> **EXCERPTED RECORDS**:
+++++

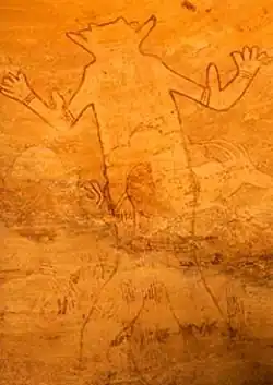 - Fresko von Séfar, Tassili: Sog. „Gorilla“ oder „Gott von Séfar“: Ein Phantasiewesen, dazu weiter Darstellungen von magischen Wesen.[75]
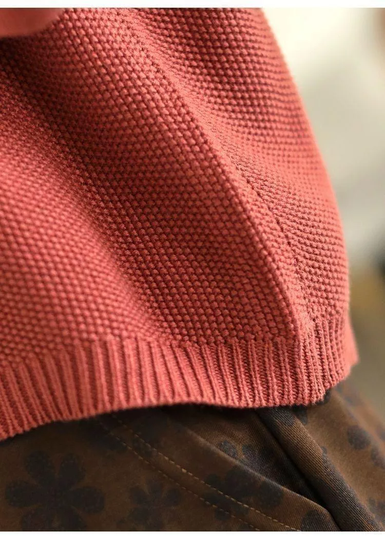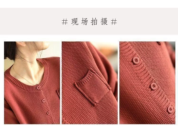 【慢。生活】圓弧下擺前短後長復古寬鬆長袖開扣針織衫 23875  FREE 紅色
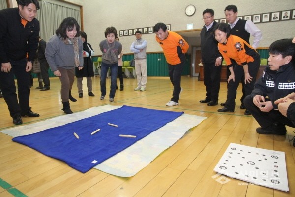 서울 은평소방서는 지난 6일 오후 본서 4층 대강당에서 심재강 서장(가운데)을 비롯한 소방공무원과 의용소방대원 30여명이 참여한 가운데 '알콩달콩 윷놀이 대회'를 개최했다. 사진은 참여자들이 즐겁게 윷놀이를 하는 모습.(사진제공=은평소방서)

+++++

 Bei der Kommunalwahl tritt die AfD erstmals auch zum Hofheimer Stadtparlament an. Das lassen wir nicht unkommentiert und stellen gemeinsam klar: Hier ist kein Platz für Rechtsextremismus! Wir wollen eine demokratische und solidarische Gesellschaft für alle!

+++++

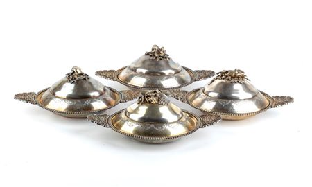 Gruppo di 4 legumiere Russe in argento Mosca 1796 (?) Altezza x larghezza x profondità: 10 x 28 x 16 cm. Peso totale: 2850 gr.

+++++

> **ASSIGNED TASK**: From the line with "- Fresko von" up to and including the line with "서울 은평소방서는 지난" above, retype every line exactly and nothing more; leave out the pictures.

> **ANSWER TO THIS PROBLEM**:
 - Fresko von Séfar, Tassili: Sog. „Gorilla“ oder „Gott von Séfar“: Ein Phantasiewesen, dazu weiter Darstellungen von magischen Wesen.[75]
 【慢。生活】圓弧下擺前短後長復古寬鬆長袖開扣針織衫 23875  FREE 紅色
 서울 은평소방서는 지난 6일 오후 본서 4층 대강당에서 심재강 서장(가운데)을 비롯한 소방공무원과 의용소방대원 30여명이 참여한 가운데 '알콩달콩 윷놀이 대회'를 개최했다. 사진은 참여자들이 즐겁게 윷놀이를 하는 모습.(사진제공=은평소방서)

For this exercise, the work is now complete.